*** RECORDS ***

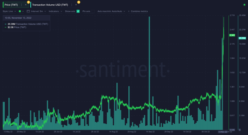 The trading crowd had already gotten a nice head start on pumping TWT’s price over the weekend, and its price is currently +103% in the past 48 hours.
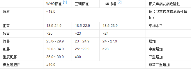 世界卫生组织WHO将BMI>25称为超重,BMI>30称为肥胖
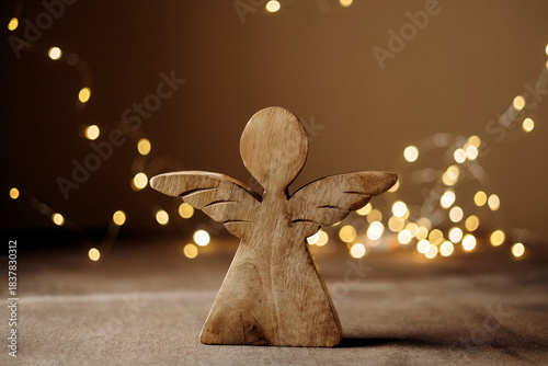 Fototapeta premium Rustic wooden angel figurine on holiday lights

*** End of RECORDS ***
*** RECORDS ***

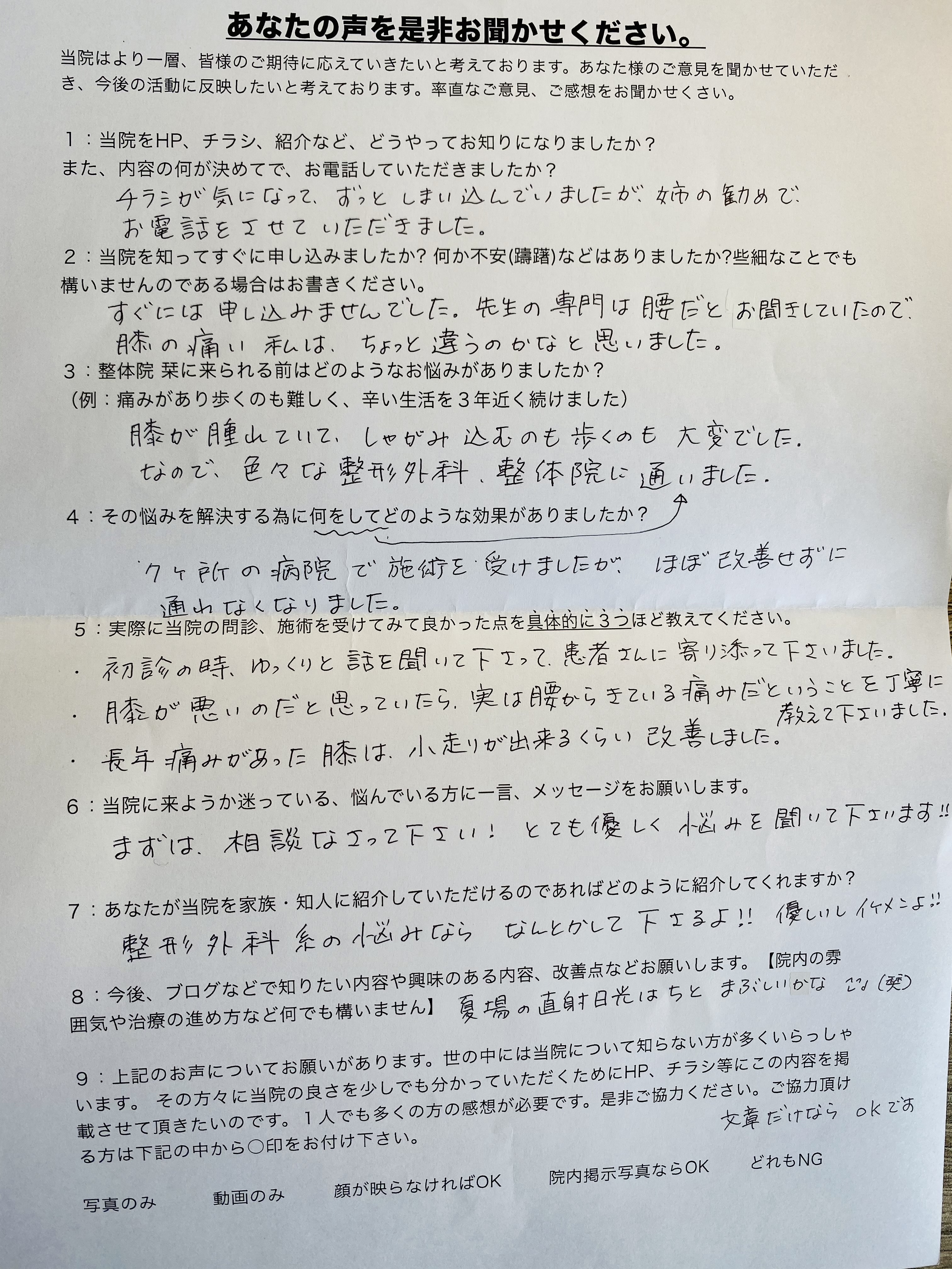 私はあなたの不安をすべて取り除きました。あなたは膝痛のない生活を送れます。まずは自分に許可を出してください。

*** End of RECORDS ***
*** RECORDS ***

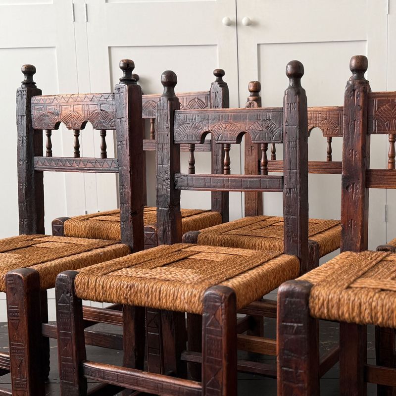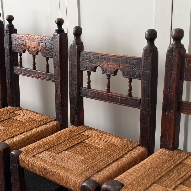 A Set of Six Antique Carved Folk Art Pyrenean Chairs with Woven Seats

*** End of RECORDS ***

[WORK TO COMPLETE]:
Write back the stretch of lines above that begins with the line holding "The trading crowd" and ends with the line holding "Fototapeta premium Rustic", both included, exactly as written. Pictures stay out.

[REPLY TO THE EXERCISE]:
 The trading crowd had already gotten a nice head start on pumping TWT’s price over the weekend, and its price is currently +103% in the past 48 hours.
 世界卫生组织WHO将BMI>25称为超重,BMI>30称为肥胖
 Fototapeta premium Rustic wooden angel figurine on holiday lights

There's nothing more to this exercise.